At SenticNet, we are working on several projects spanning from fundamental knowledge representation problems to applications of commonsense reasoning in contexts such as big social data analysis and human-computer interaction. Each project is led by a single member of the Sentic Team but, in fact, every project is highly interdependent and interconnected with each other as we are all driven by the same vision. Some of the current projects include:
• Multimodal Affective Computing Initiative (Lead Investigator: Soujanya Poria)
• SeNTU (Lead Investigator: Iti Chaturvedi)
• PrimeNet (Lead Investigator: Rajiv Bajpai)
• Big Social Data Analysis (Lead Investigator: Sandro Cavallari)
• Natural Language based Financial Forecasting (Lead Investigator: Frank Xing)
• Smart Cities (Lead Investigator: Yukun Ma)
• One Belt, One Road, One Sentiment? (Lead Investigator: Haiyun Peng)
• PONdER (Lead Investigator: Ranjan Satapathy)
• Dialogue Systems (Lead Investigator: Tom Young)
• Mood of Singapore (Lead Investigator: Claudia Guerreiro)
• Twittener (Lead Investigator: Owen Fernando)
• Singlish SenticNet (Lead Investigator: Danyuan Ho)
MULTIMODAL AFFECTIVE COMPUTING INITIATIVE
This initiative was born from a collaboration between NTU and CMU (Prof Louis-Philippe Morency's group) and gravitates around techniques, tools, and applications of affective computing, an emerging field of research that aims to enable intelligent systems to recognize, feel, infer and interpret human emotions. It is an interdisciplinary field that spans from computer science to psychology, and from social science to cognitive science. Though sentiment analysis and emotion recognition are two distinct research topics, they are conjoined under the field of affective computing. Over the past two decades or so, AI researchers have been attempting to endow machines with cognitive capabilities to recognize, interpret and express emotions and sentiments. All such efforts can be attributed to affective computing research.
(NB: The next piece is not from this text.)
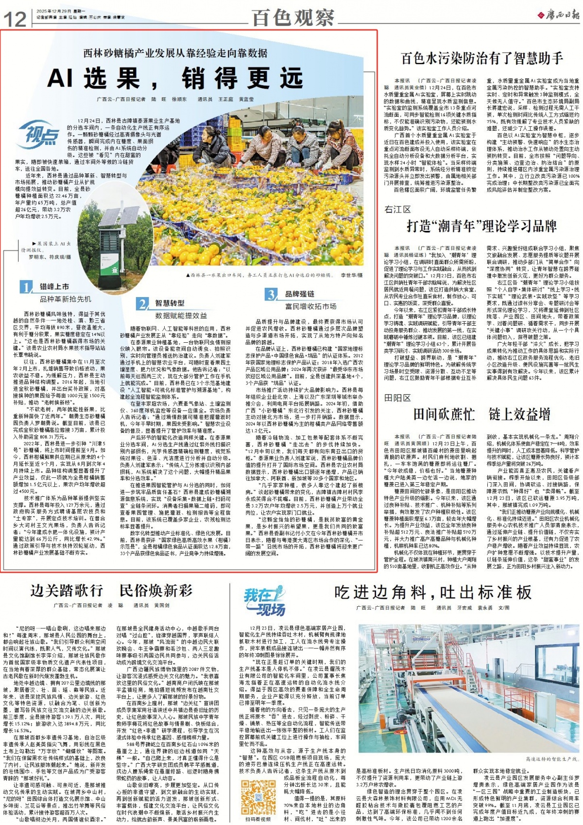 报纸版面截图。 12月24日,西林县古障镇泰源果业生产基地的分选车间内,一条自动化生产线正有序运作。一颗颗砂糖橘经过高清摄像头与光谱传感器,瞬间完成内在糖度、果面损伤的精准检测,并由AI系统自动分级。这些被“看见”内在甜蜜的果实,随即被快速装箱,通过车间外等候的冷链货车,送往全国各地。 近年来,西林县通过品种革新、智慧转型与市场拓展,推动砂糖橘产业从扩规模向提效益转变。目前,全县砂糖橘种植面积达22.46万亩,年产量约65万吨,总产值超26亿元,带动3.2万农户年均增收2.5万元。 错峰上市 品种革新抢先机

Video opinions provide multimodal data in terms of vocal and visual modality. The vocal modulations of opinions and facial expressions in the visual data, along with textual data, can provide important cues to better identify true affective states of the opinion holder. Thus, a combination of text and video data can help create a better emotion and sentiment analysis model. These videos often contain comparisons of products from competing brands, the pros and cons of product specifications, etc., which can aid prospective buyers in making an informed decision. The aim of multi-sensor data fusion is to increase the accuracy and reliability of estimates. Many applications, e.g., navigation tools, have already demonstrated the potential of data fusion. This depicts the importance and feasibility of developing a multimodal framework that could cope with all three sensing modalities: text, audio, and video, in human-centric environments.
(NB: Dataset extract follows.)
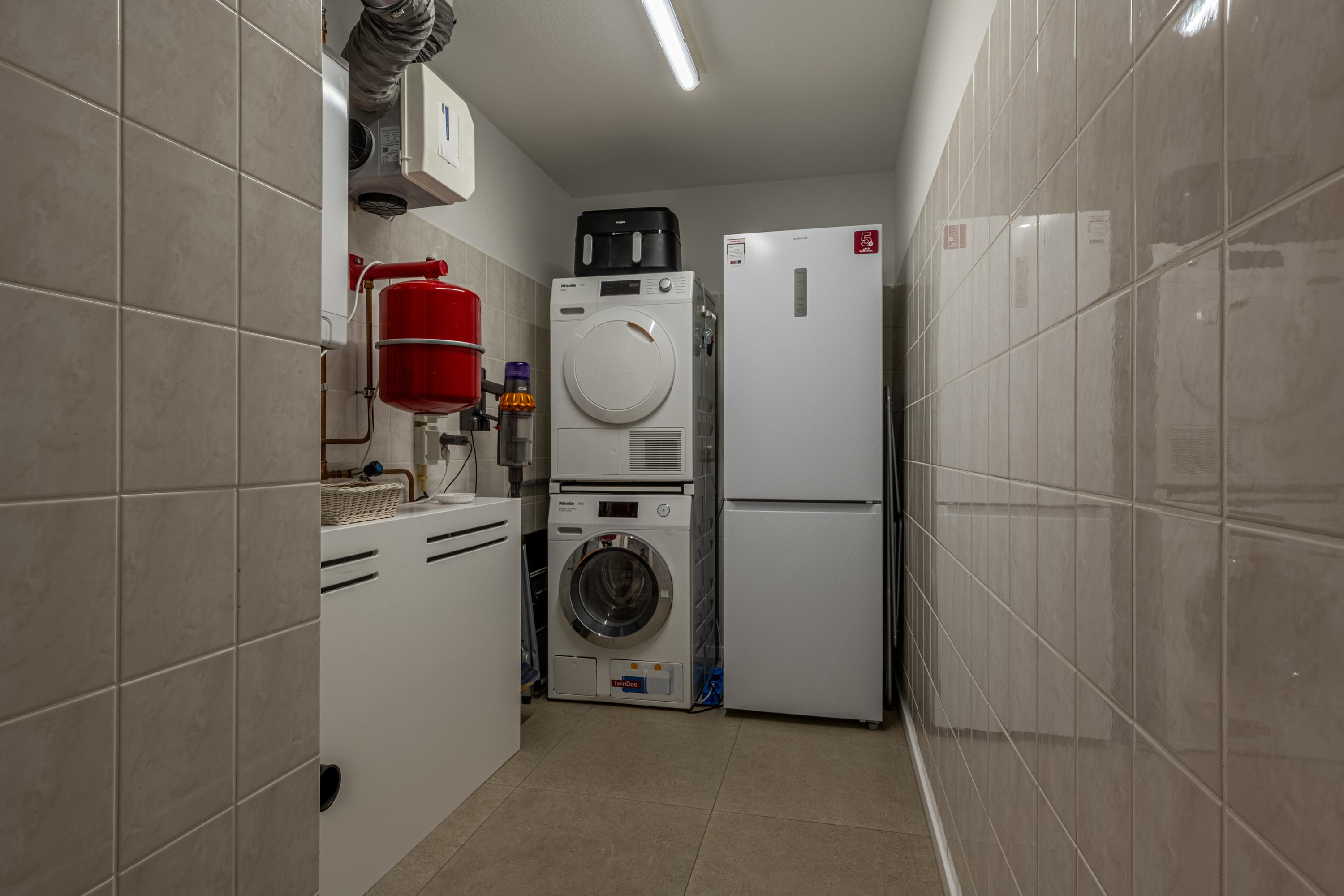 Via de gang bereikt men een praktische berging met de opstelplaats voor de cv-combiketel en de mechanische ventilatie box. Hier zijn ook de aansluitingen voor de wasmachine en droger te vinden.

SeNTU is a sentiment analysis project based at NTU that involves several students and team members. The main goal of the project is to explore how different paradigms, e.g., machine learning, linguistics, and knowledge representation, can improve the performance of sentiment analysis. The framework consists in an ensemble of supervised and unsupervised approaches. In a pre-processing phase, text is normalized and tokenized plus POS tags are identified. Later, dictionaries are applied to recognize and process emoticons but also other microtext items such as acronyms and abbreviations. Next, a semantic parser is used to deconstruct natural language text into concepts and, hence, linguistic patterns are used in concomitance with SenticNet to infer polarity from sentences. If no match is found in SenticNet or no pattern is triggered, machine learning is used.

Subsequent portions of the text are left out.